Debo reconocer que la primera vez me gustó, pero no me entusiasmó. Lo consideré uno más del montón. Pero la segunda vez… Ah, la segunda vez quedé completamente subyugado. Me absorbió por completo y me convertí inmediatamente al Apocalipsisismo. ¡Mi vida por ti!

2. Los Miserables, de Víctor Hugo. 1.278 páginas.

Estuve desde el año 2000 postergando este libro, pero como han hecho una nueva versión (con toda la pinta de triunfar en los Oscar) pues me animé. La historia en sí es fantástica, pero de vez en cuando Víctor Hugo la deja d elado y se pone a hablar de cosas que no vienen al cuento, y se hace bastante pesado. Aún así vale la pena.

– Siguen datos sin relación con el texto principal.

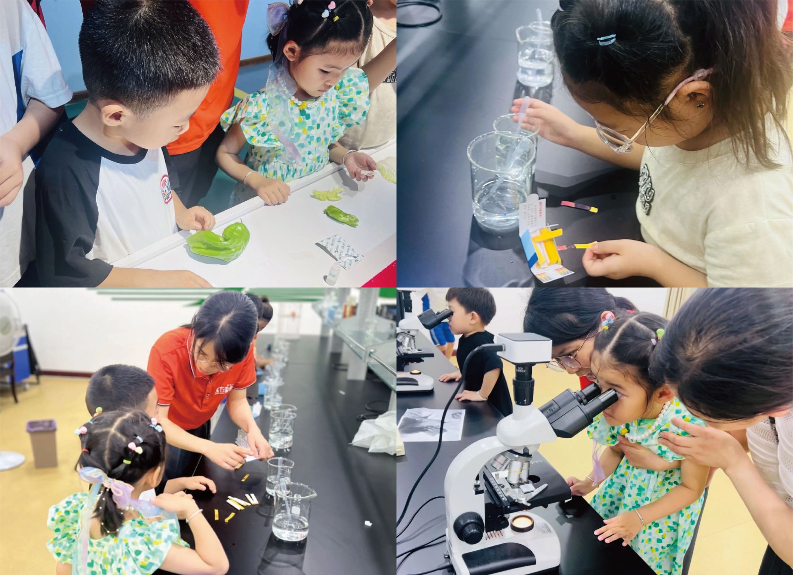 在二樓快檢中心,孩子們看著顯微鏡里微觀世界,興奮地分享著自己的發(fā)現(xiàn),他們驚嘆于細(xì)胞內(nèi)部復(fù)雜的結(jié)構(gòu)和色彩。在酸堿度顯色的奇妙小實(shí)驗(yàn)中,他們親手操作,認(rèn)真觀察試紙?jiān)诓煌芤褐谐尸F(xiàn)出了不同的色彩變化,這些美麗的色彩不僅讓孩子們感嘆大自然的神奇也激發(fā)了他們的好奇心。雖然科學(xué)的奧秘對(duì)于他們來說還非常陌生,但這種親身實(shí)踐的體驗(yàn)無疑在他們幼小的心靈中播下了科學(xué)的種子,激發(fā)了他們對(duì)未知世界的探索。

3.La Hora de las Brujas, de Anne Rice. 1.260 páginas.

La historia de los Mayfair, una familia formada por trece generaciones de brujas y de un espíritu que los ronda.
Para cada generación hay una trama y un montón de personajes, y mientras lo leía llegó un momento que no recordaba qué parentesco tenía este con el otro. Para leerlo hay que prepararse un croquis con el árbol genealógico, creedme.
El libro está bien hasta cierto punto, pero el final no me gustó nada. Me sentí indignado y traicionado y quise tirar el libro a la basura.

4. El Señor de los Anillos, de J. R. R. Tolkien. 1.235 páginas.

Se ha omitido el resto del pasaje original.